**EXERCISE REQUIREMENTS**
Go to the line with "On Shabbos morning, Rav" in the entries below and write out every line from there through the line with "Lot 719: Provincial", exactly and without pictures.

**INPUT MATERIAL**

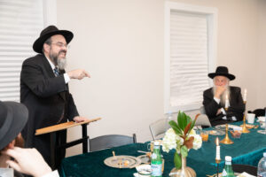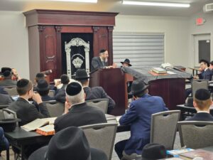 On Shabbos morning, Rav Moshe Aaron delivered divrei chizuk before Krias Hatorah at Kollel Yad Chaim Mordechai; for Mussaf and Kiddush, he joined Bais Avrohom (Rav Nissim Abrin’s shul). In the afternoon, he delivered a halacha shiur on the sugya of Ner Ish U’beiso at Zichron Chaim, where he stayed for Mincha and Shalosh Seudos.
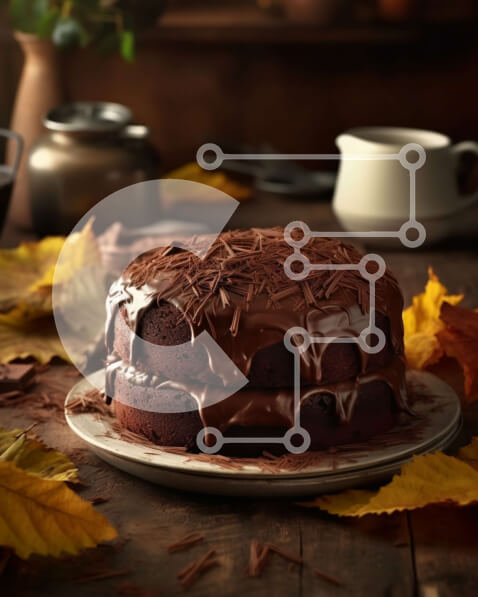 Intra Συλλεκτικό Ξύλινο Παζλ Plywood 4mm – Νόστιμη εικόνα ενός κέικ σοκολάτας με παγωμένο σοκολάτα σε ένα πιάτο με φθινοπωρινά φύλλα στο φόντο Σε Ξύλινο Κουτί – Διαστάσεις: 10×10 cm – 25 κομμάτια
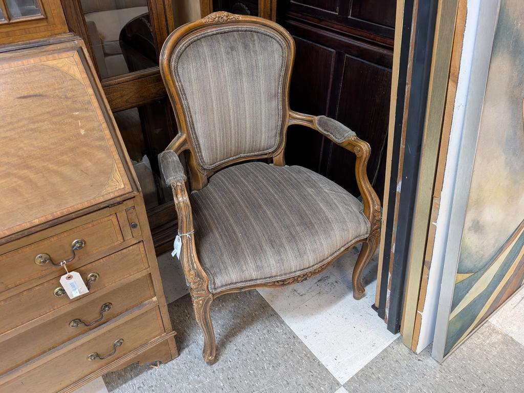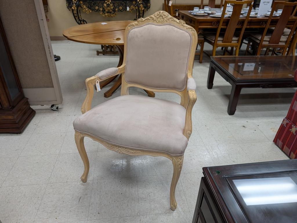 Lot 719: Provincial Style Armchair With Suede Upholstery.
...
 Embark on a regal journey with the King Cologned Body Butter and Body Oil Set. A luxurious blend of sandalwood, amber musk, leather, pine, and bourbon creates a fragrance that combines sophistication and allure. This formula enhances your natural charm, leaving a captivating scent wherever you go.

**ANSWER FOR THIS EXERCISE**
 On Shabbos morning, Rav Moshe Aaron delivered divrei chizuk before Krias Hatorah at Kollel Yad Chaim Mordechai; for Mussaf and Kiddush, he joined Bais Avrohom (Rav Nissim Abrin’s shul). In the afternoon, he delivered a halacha shiur on the sugya of Ner Ish U’beiso at Zichron Chaim, where he stayed for Mincha and Shalosh Seudos.
 Intra Συλλεκτικό Ξύλινο Παζλ Plywood 4mm – Νόστιμη εικόνα ενός κέικ σοκολάτας με παγωμένο σοκολάτα σε ένα πιάτο με φθινοπωρινά φύλλα στο φόντο Σε Ξύλινο Κουτί – Διαστάσεις: 10×10 cm – 25 κομμάτια
 Lot 719: Provincial Style Armchair With Suede Upholstery.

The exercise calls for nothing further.